1er juin 2019, l'Histoire retiendra que la dépouille mortelle de Tshisekedi, après un retour problématique au pays, a été exposée au Stade des martyrs. À l'endroit où les martyrs de la Pentecôte avaient été sauvagement suppliciés par pendaison un certain 1er juin 1966 par un certain Étienne Tshisekedi , alors ministre de l'intérieur, aujourd'hui «père de la démocratie». Le tout avec les hommages de Paul Kagame en personne. Alors Tshitshi, Héros ou Bourreau? La question ne peut se poser qu'en république dite démocratique du Congo. Celle où l'on nomme un président de la république dans le cadre d'un deal conclu en rase campagne tout en s'accordant sur un héritage démocratique dont le père biologique de l'heureux «élu» serait aussi le géniteur politique. Malgré les incroyables violations des droits élémentaires d'un peuple aux aspirations régulièrement réprimées dans le sang. On nous explique qu'en république «démocratique» du Congo, il existe une démocratie décelable dont on va jusqu'à réclamer la paternité.


Il n'y a qu'en république démocratique du Congo où l'on peut se prévaloir d'un acte patent de faux et d'usage de faux dans le cadre d'un cursus scolaire dans une formation de promotion sociale - une fraude formellement constatée par un tribunal d'un pays étranger et officiellement notifiée au gouvernement congolais - pour accéder à la magistrature suprême. Pour ensuite pouvoir écrire l'Histoire à coups de décrets en essayant d'élever son propre paternel au rang de héros national. Ni plus ni moins. Après avoir casé son oncle à une présidence déjà surpeuplée des membres de la tribu aux appellations qui ne trompent personne. Après avoir érigé un mausolée et organisé des obsèques au coût insultant dépassant la dizaine de millions des dollars américains. Dans un mépris écœurant d'une population clochardisée qu'on a régulièrement conduit à l'abattoir des tyrans avec qui on entretenait en secret des rapports à tout le moins troublants. Tandis qu'on clamait à qui voulait entendre son slogan fétiche: «le peuple d'abord».


Cher Tshilombo, ceux que tu qualifies de «badauds» quand tu es lassé de voir le peuple qui s'est sacrifié pour ton goût démesuré du luxe, et qui ont été à l'école de la République, te disent que l'Histoire ne s'écrit pas par des politiciens. Elle ne se décrète pas par une ordonnance présidentielle suivant un souhait familial. Si on reconnaît un arbre à ses fruits, Étienne Tshisekedi est tout sauf le père de la démocratie que nous a léguée Patrice Lumumba et qui a ensuite été sabotée par la bande au même Tshisekedi, après le coup d'État de Mobutu en septembre 1960. Par ailleurs, l'aile de l'UDPS qui porte le nom de sa famille était tout sauf un modèle de démocratie. Zéro congrès en 30 ans d'existence, des textes bricolés sur mesure pour un individu, messianisme statutaire, tribalisme sectaire, médiocrité réglementaire, etc.

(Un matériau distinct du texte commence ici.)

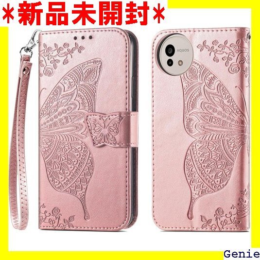 - AQUOS wish4 用携帯カバー カード収納ス 蝶 カードポケット付き スタンド機能 手綱 ローズゴールド 88

Pour s'être rendu coupable du plus grand acte de trahison devant l'Histoire, en tentant de vendre, dans un des deals dont sa famille a manifestement le secret, une portion du territoire de la République afin d'accéder au pouvoir, après avoir pactisé avec un ennemi qui a organisé l'extermination des kongomani de l'Est du pays, Tshisekedi est tout sauf un héros national. Enfin, l'Histoire retiendra que longtemps après sa mort, le véritable Héros national du Grand KONGO, célébré dans toutes les capitales du monde éprises de dignité humaine, avait été reconnu comme tel par ceux-là mêmes qui l'avaient assassiné. Pas par son rejeton embourbé dans l'ivresse d'un pouvoir qui se résume à l'usage compulsif du tapis rouge. Bukoko IKOKI, Citoyen ordinaire.












As of Christ, we do not accuse. Neither do we judge, nor condemn. We do not stone. We do not curse. We bless our enemies and persecutors. While we let the dead bury their own dead, as we pick up our Cross, we revive our loved ones from lethal errors.


© 2017-2020 by Bushabola Opinion.
Copie et large diffusion libres.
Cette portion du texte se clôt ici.